A saudade me abraçou...
Tenho saudades de dias em que a porta de minha existência se abria
Eu acolhi no seio a doce maresia do beijo de um amor.
 
Ah, sim a saudade anda comigo aos dias de abrigo,
Quando rodeando por meus caminhos, fujo de mim.
E ando solicitando a presença de algum amigo,
Fugitivo do grito e esplêndido ouvinte do confessor que guardo comigo.
 
Sim, a saudade fala em noites claras, aborda o meu silêncio...
E quebra dos meus delírios aquilo oque os homens chamam – sentido.
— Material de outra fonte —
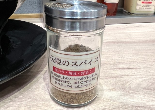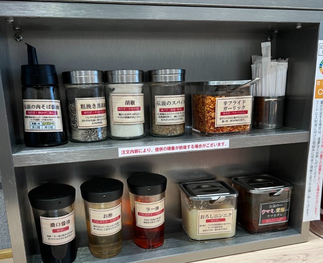 卓上を見て驚いた。調味料の種類がハンパない。「伝説の肉そば醤油」「粗挽き黒胡椒」「胡椒」「伝説のスパイス」「辛フライドガーリック」が上段に。

Em dias quando escuto os momentos que guardamos e os que encontramos
Trago a saudade de que a vida ao seu lado era todo o meu libertar de conflito.
 
Sei da saudade os seus discursos mais solenes,
De suas frases as mais dolorosas,
Mas sei que, a saudade nunca me prometeu coisa alguma,
Senão a arte de entender do outro o erro, o medo e o que, percebe como perigo.
 
Ah, essa saudade que me arrasa em madrugadas inteiras...
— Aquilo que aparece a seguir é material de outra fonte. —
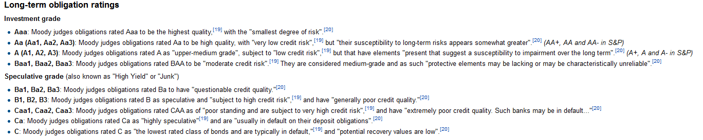 Moody’s ratings system is as follows (taken from Wikipedia):

Quando aos braços desse encontro, recaio às minhas maiores mazelas.
Não, não me diga pra esquecer a saudade, por que, nela habito,
Por que, onde os homens mentem, Deus deixa lá a esperança, o amor, a oração e o grito.
 
A saudade me agita,
A saudade não me larga, a saudade é a coisa mais doce,
Quando não, não deixa de ser a espera mais amarga.
 
Deixa eu me abrir contigo e dizer por que seu nome é saudade.
Por que, em dia de solidão eu abro o peito deito lágrimas,
E correndo pro tempo que agora não é...
Derramo de mim a felicidade mais vasta.
 
Os meus amigos não entendem, meus familiares repelem,
Mas é quando a chama arde em meu peito, e o som das coisas aplaude.
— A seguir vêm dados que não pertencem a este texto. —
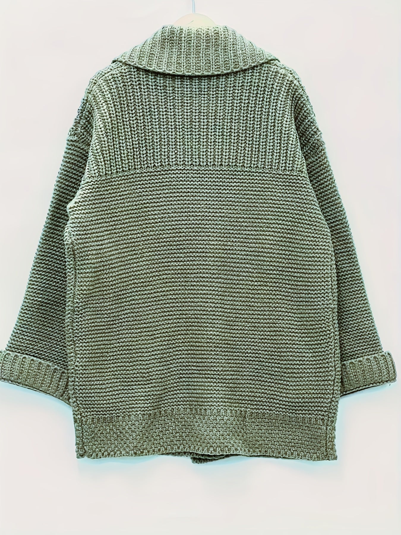 Plus Size Women's Red Long Sleeve Cardigan Cozy Winter Sweater with Pockets

São nessas horas que vislumbro da dor, o acolher e o despeito,
De onde a minha herança são despojos de minha casa inacabada.
 
Quando mandarem-me fugir da saudade, quem há de me abrigar.
Pois, se defendemos o sangue nas veias e o leite do egoísmo,
Por que o mar jamais fez um afogado, náufragos e tempestades...
Para aqueles que não largaram suas ilhas, teto, terra e barro.
 
Então, eu abro o braço e digo a saudade...
Tu me amas e me faz compêndios de felicidades
Onde o tempo é mentira, o vento é loucura,
Mas os gestos são eternizados no meu rim, peito e baço.
 
Por que do meu coração... Já não sei o que faço.